Now look inside the file:
All data in it is stored inside a GUID-defined section (an EDS or a checksum is usually stored in the header of such sections, in this case 4 bytes, similar to a CS, which, however, no one checks) and are divided into 4 sections: image PE32 - the actual executable file in the PE / COFF format, the DXE dependency section - determines the loading order of DXE drivers, the UI section - it stores the text "SystemCapsuleRt.efi" in Unicode format and an unknown section of type 0xF0 (most likely, its contents are somehow This is related to the aforementioned COP).
All this is good, of course, but editing is not yet visible. It doesn’t matter, we call the context menu for any element, which shows what can be done with this element.
And you can do the following:
- save the element to a file either as a whole (Extract as is), or only data, without headers (Extract body)
- rebuild the element (Rebuild), in this case, when you save the changed image for it (and all its parent elements), sizes, checksums will be recalculated, alignment will be fixed, i.e. image structure will be aligned with the UEFI PI specification
- insert an element from the file, either before the selected one (Insert before), or after (Insert after), or inside it (Insert into, in this case, nothing can be inserted into the PE32 section)
- replace an element with another element from the file, either in its entirety (Replace as is), or only its body (Replace body)

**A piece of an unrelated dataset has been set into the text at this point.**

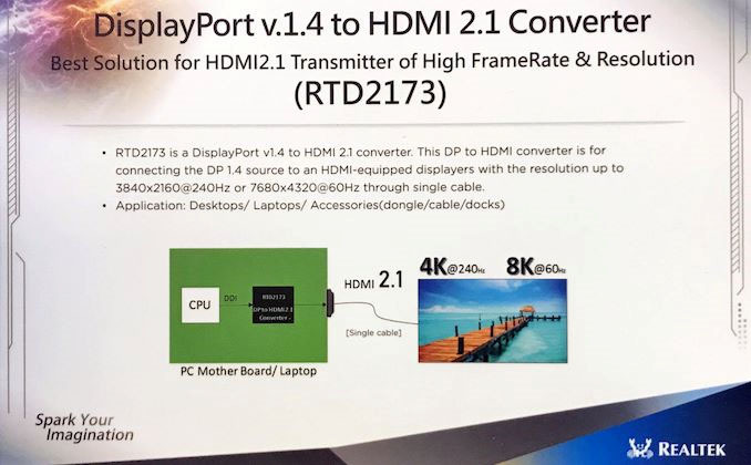 HDMI 2.1(48Gbps)를 지원하는 재생기 출시가 지연이 되면서, 삼성-LG 8K TV가 사실상 무용지물이 되고 있다. 해서 일각에서는 삼성-LG 8K TV에 DisplayPort 1.4 DSC를 적용해서, 출시해야 한다는 지적이 잇따르고 있다. 삼성-LG 8K TV가 DisplayPort 1.4 DSC를 적용하면, PC랑 8K/60Hz, 10bit/4:2:0까지 연동이 가능하여, 8K TV로서 기능을 못하는 8K TV를 활용할 수 있기 때문이다. 하지만, TV에 DisplayPort단자를 내장하는 경우가 흔치 않고, 또한 PC용 비디오카드가 년 내에는 HDMI 2.1(48Gbps)를 지원해서 출시가 되기 힘들어, 비디오 칩셋을 전문으로 만드는 Realtek사가 의미 있는 칩셋을 발표하여, 관심을 모으로 있다. 즉, Realtek은, 지난 6월에 RTD2173 칩셋을 공개하면서, 'DisplayPort 1.4→HDMI 2.1' 변환기에 대한 시연을 진행하였다. Realtek은 이날 시연 자료를 통해, 자사의 'DisplayPort 1.4→HDMI 2.1' 변환기가, 3840×2160@240Hz와 7680×4320@60Hz를 지원한다고 발표하였다. 하지만, Realtek의 주장은, 실제 상품이 나와서 검증을 해봐야 정확한 성능을 알 수 있을 것 같다. 이유는, DisplayPort 1.4의 기본 전송량은 32.4Gbps다. 반면 HDMI 2.1의 기본 전송량은 48Gbps다. 해서 변환기의 기본 전송량은 32.4Gbps를 넘지 못한다.
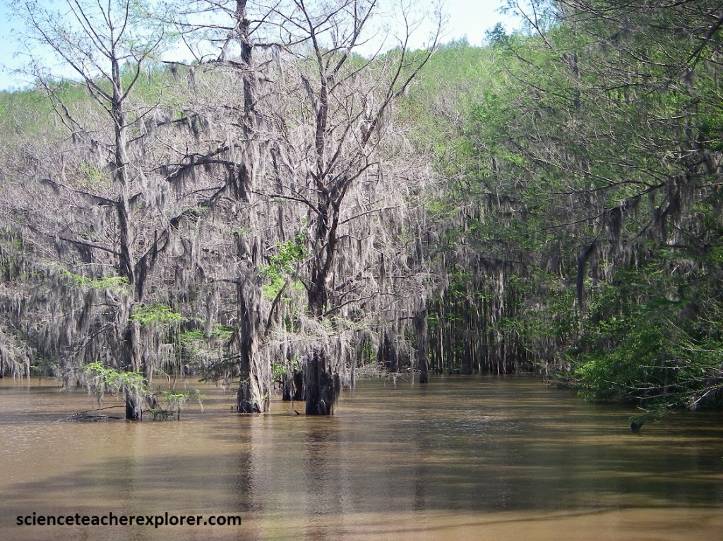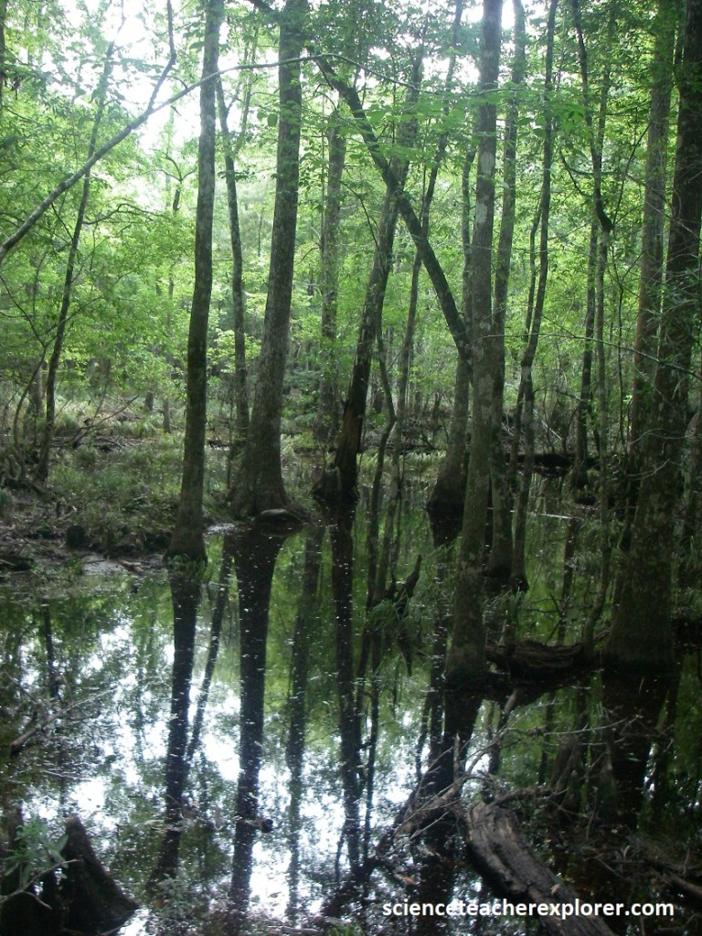 Pictured above, floods from the nearby streams and rivers turn this forest of cypress and tupelo trees into the perfect home for alligators and water moccasins. Regular flooding flushes away organic debris preventing cypress sloughs from becoming too acidic, like baygalls.

The last action is most useful because allows you to modify any part of the UEFI, without affecting the structure of the entire image.
Usage example
As an example, consider a modification useful for MacOS X users on a PC: bypassing the setting of the LOCK bit (0x0F) in the register MSR_PMG_CST_CONFIG_CONTROL (0xE2). This bit is set by the PowerManagement DXE driver so that the OS cannot control the CPU multiplier by writing to this register. For Windows and Linux, this is not a big problem, but MacOS X cannot stand such impudence from UEFI. You can, of course, patch the AICPM.kext driver (in 10.8) or the kernel (in 10.9), but it is better to patch the DXE driver and not be afraid that the next automatic update will break the download. This patch is needed only for systems based on Intel SandyBridge, IvyBridge and Haswell processors and their * -E options and is done like this:
- Open your dump in UEFITool, clear Messages by pressing Ctrl + Backspace, so as not to interfere
- Open the search, select Hex-pattern, Body only, look for the line "75080FBAE80F"

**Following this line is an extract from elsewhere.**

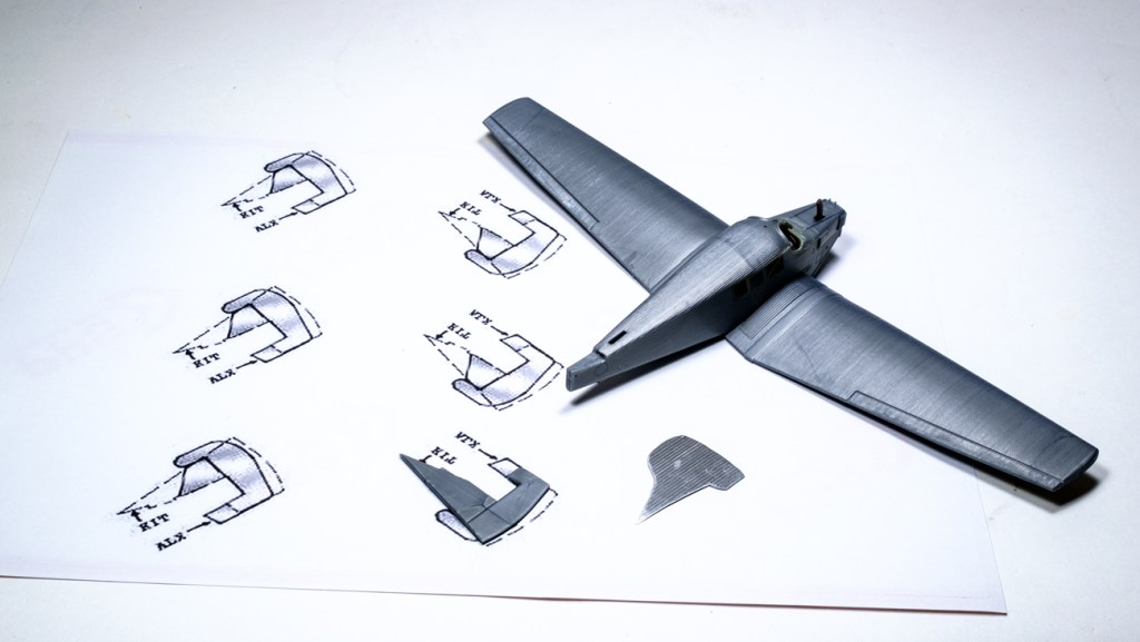 Fortunately this sort of model was also made by a Canadian modeller from the same kit and he put his formula for the new tail onto the internet from – of all places – Prince George B.C. I copied out his drawing, compared it with the plastic Revell example, and made a full-scale plan. That’s a scrap proof-of-concept piece in the picture.
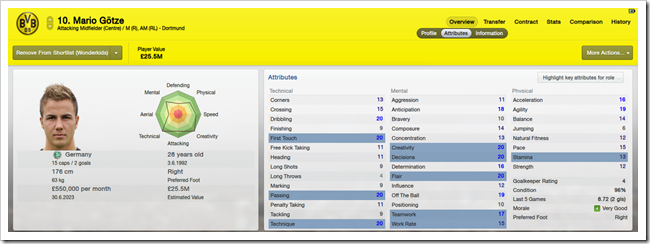 Disitu Gotze mendapatkan nilai 4.5 untuk dibeli, berarti doi bener-bener pemain yang bagus. Dan tidak heran kalau sekarang doi sudah memiliki atribut yang istimewa dan mungkin sudah tidak berkembang lebih jauh lagi. Tapi tidak menutup kemungkinan untuk berkembang dikemudian hari, tentunya dengan training yang tepat.

- We double-click on the message that the line is found, save the body of the specified element to a file
- We fix in the Hex editor "75080FBAE80F" to "EB080FBAE80F" (JE becomes JMP), save the changes
- We replace the contents of the selected element with the changed one, the old element will be marked for removal (Remove), the new one for replacement (Replace), all parent elements to the root will be rebuilt (Rebuild)
- Save the changed image (Ctrl + S), if the save was successful, a request will be issued to open the just saved image, if not, an error message
We flash the resulting image with the same SPI programmer with which it was made, and we get the absence of a kernel panic when loading MacOS X.

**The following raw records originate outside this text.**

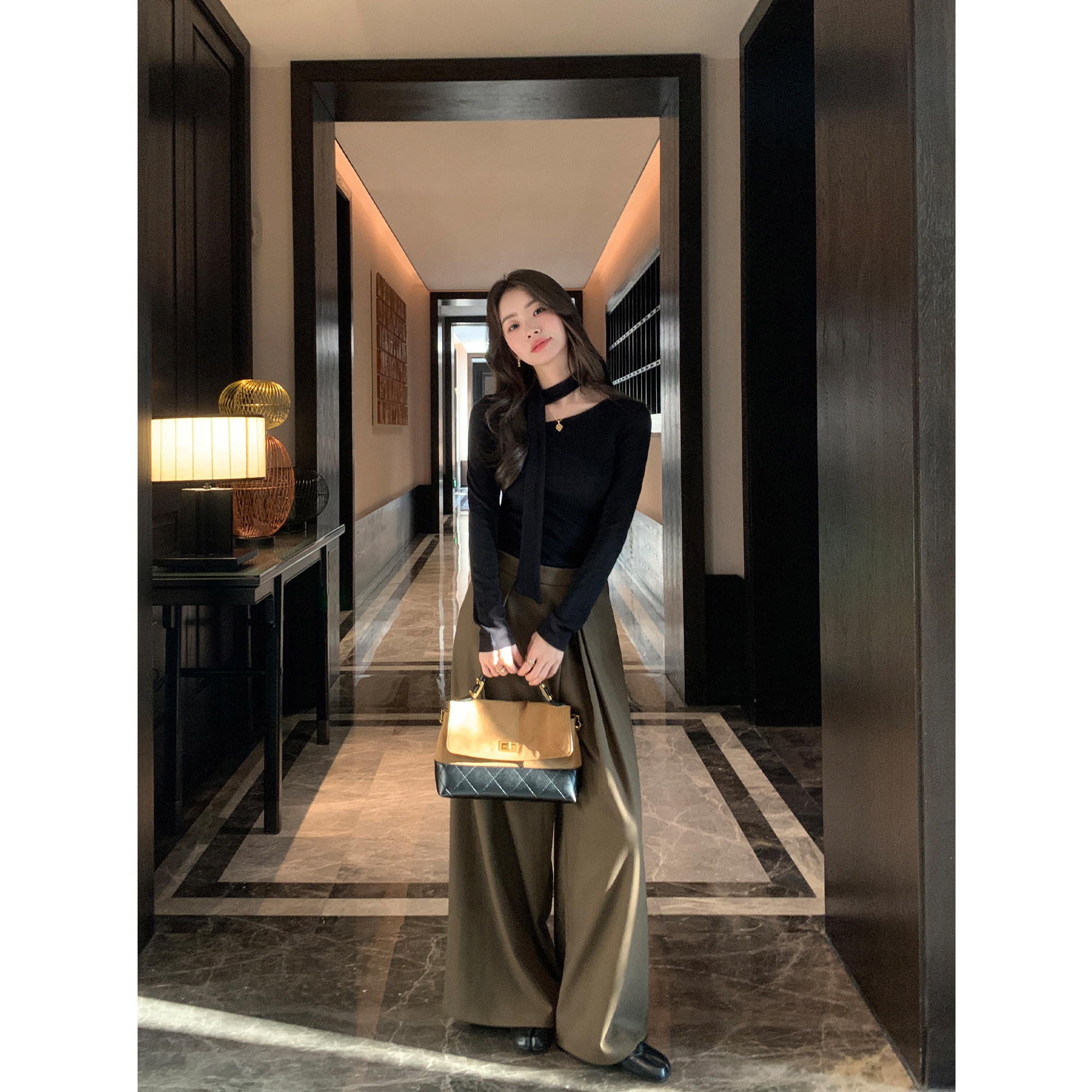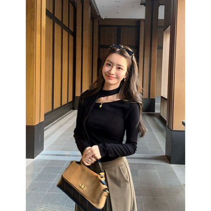 pusumede温柔姐感 气质斜肩飘带长袖t恤女修身针织打底衫内搭上衣
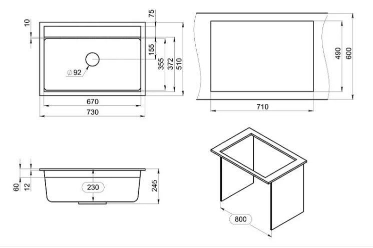Подходит для установки в шкаф размером 800 мм. Для удобства использования в чаше имеется площадка для установки ролл-мата или разделочной доски. В комплекте: сифон с отводом для бытовой техники, дозатор для жидкого мыла (нержавейка) и ролл-мат.
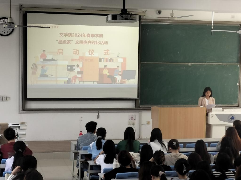 为全面加强学生宿舍文化建设,进一步营造整洁有序、文明健康的生活学习环境,2024年4月12日中午13时,文学院在博文楼A3阶梯教室举行了2024年春季学期“星级家”文明宿舍评比活动启动仪式。学院党委副书记、全体辅导员出席了仪式,文学院全体宿舍长以及学生会生活部成员共140余人参与了此次活动。

Details, other modifications, conclusion
If you are interested in where the 75080FBAE80F magic pattern came from and what other patches you should pay attention to, read the second part of this article, which will be published a little later. In it, I will try to prepare more examples in the format “what kind of modification, why is it needed, how to make it, by whom and how was found”, without delving into each time exactly how to remove the element to be modified and how to insert it back.
I hope that the article did not seem too boring and boring. If you have questions and suggestions - I will be glad to listen and answer as far as possible. Bug reports will be glad even more. Thanks in advance and successful firmware.
PS Dear administration and UFO personally, make a UEFI hub for such posts, please.